Bu cevap üzerine Hz. Musa; kasabın yaşlı annesinin hayırlı duasını aldığı için bu mertebeye yükseldiğini ve kendisine cennette komşu olacağını anladı.
İŞTE O PEYGAMBER BENİM!
Sevgili ve şefkatli Nebîmiz sallallâhu aleyhi ve sellem de, İslâm'ın ilk yıllarında Mekke sokaklarından birinde yürüyordu. Yaşlı bir kadınla karşılaştı. Kadın Peygamberimize (asm): Şu çuvalı sırtıma kaldır da evime götüreyim, dedi.
Peygamberimiz (asm) de çuvala baktı ve ağır olduğunu gördü. Ben bu çuvalı senin sırtına kaldırmam, dedi.
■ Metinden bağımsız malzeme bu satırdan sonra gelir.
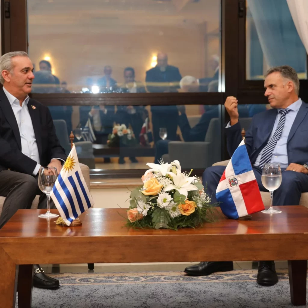 El presidente Abinader abordó con Yamandú Orsi temas de interés común, destacando la importancia de fortalecer los lazos de amistad y cooperación entre ambos países. El jefe de Estado estuvo acompañado por el exministro de Obras Públicas, Deligne Ascención; el embajador dominicano en Uruguay, Fidel Santana; y el senador de la provincia Santo Domingo, Antonio Taveras.
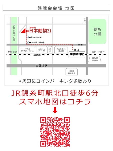 | 開催場所 | 墨田区錦糸1-11-10 4F (専門学校 日本動物21) | ||
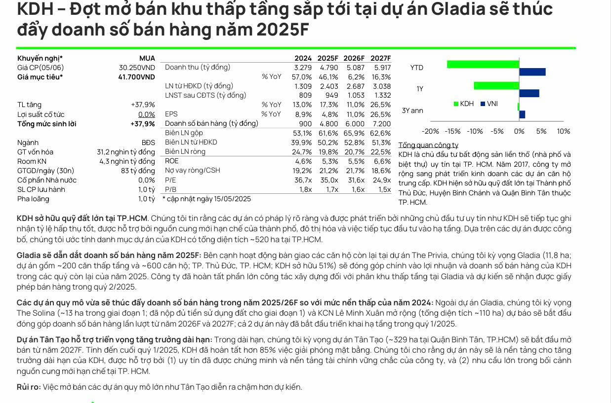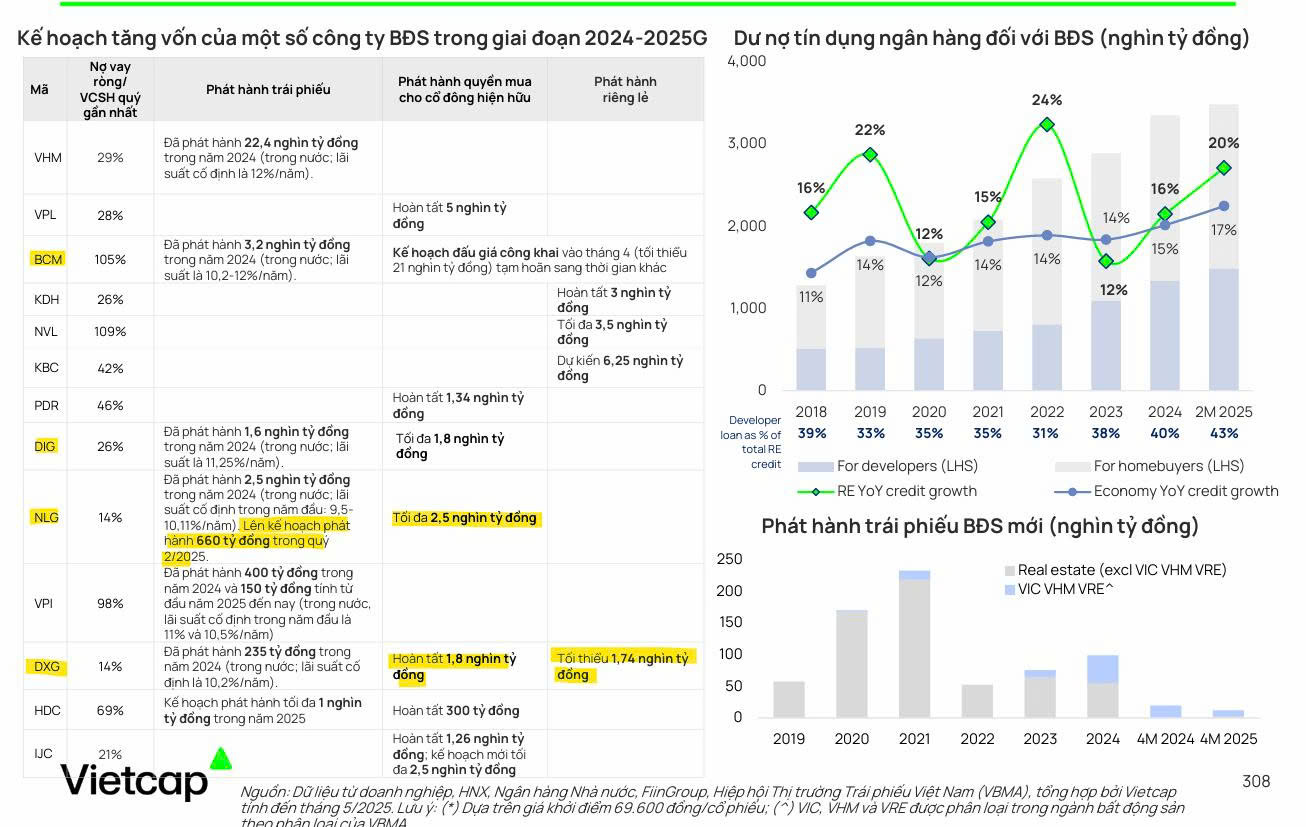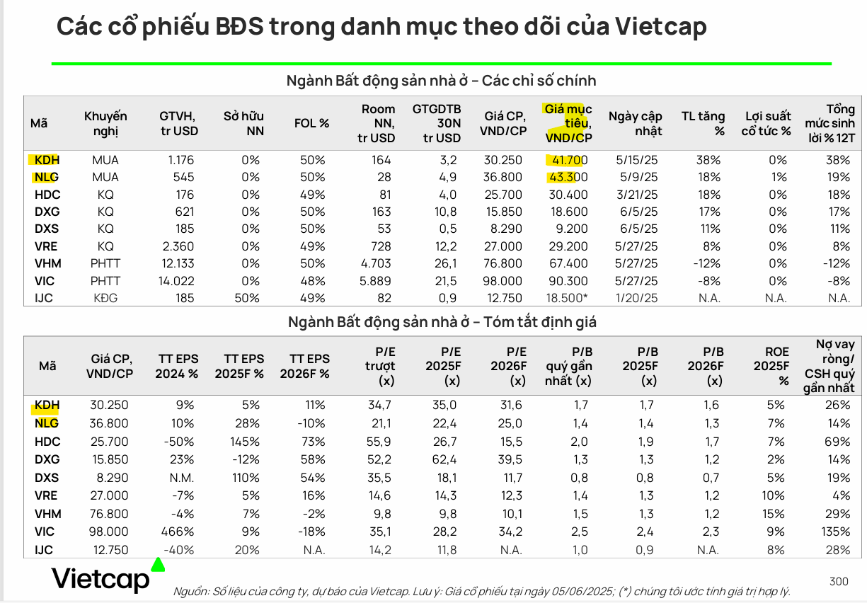 - Dự báo doanh số bán hàng: Vietcap dự báo tăng trưởng doanh số bán hàng trong giai đoạn 2025-2026 đối với các chủ đầu tư BĐS trong danh mục theo dõi. Tổng doanh số bán hàng của KDH, NLG, DXG và HDC dự báo tăng gần 3 lần trong năm 2025, và doanh số bán hàng của VHM dự báo tăng 14% trong năm 2025.4

Kadın niçin kaldırmıyorsun? diye sordu. Sevgili Nebimiz (asm) "Bu çuvalın yükü ağır. Sen taşıyamazsın. Sen bunu benim sırtıma kaldır ve evine kadar götüreyim" dedi.
Çuvalı sırtına aldı ve yaşlı kadının evine kadar götürdü. Kadın bu durumdan çok memnun oldu.
Ardından da Peygamberimize (asm), "Oğlum dikkat et. Sen çok iyi bir insansın. Bu günlerde peygamber olduğunu söyleyen biri çıkmış. Putlarımızı kötülüyormuş. Onunla karşılaşırsan sakın inanma" dedi.
Peygamberimiz de gülerek, "İşte o peygamber benim!" diye cevap verdi.
Kadın bu duruma çok hayret etti ve: "Demek ki, anlatılanlar hep iftira imiş. Senin gibi şefkatli, merhametli ve yardımsever biri asla yalancı olamaz" deyip Müslüman oldu.
BU SEPET BANA DA LÂZIM OLACAK
Adamın biri de yaşlı babasına bakma zahmetinden kurtulmak için babasını bir sepetin içine koymuş ve küçük oğlu ile beraber ormana bırakmış.
Ormandan geri dönerlerken çocuk babasına, "Sepeti ormanda niçin bıraktın?" diye sormuş.
Babası da "Bu sepet bana bir daha lâzım olmaz" demiş.
Çocuk da cevaben, "Bu sepet sana lâzım olmayabilir. Fakat ileride sen yaşlandığın zaman bana lâzım olacak. Ben de aynı sepete seni koyup aynı ormana bırakacağım" demiş.
Çocuğun bu ibretli ve anlamlı cevabı babasını şefkate ve merhamete getirmiş. Baba ve çocuk ağlamış. Geri dönmüşler, hem sepeti ve hem de yaşlı babayı alıp eve getirmişler.
İman, İslâm, ihlâs, istikâmet, ümit, Kur'ân ve sünnet üzere kalınız.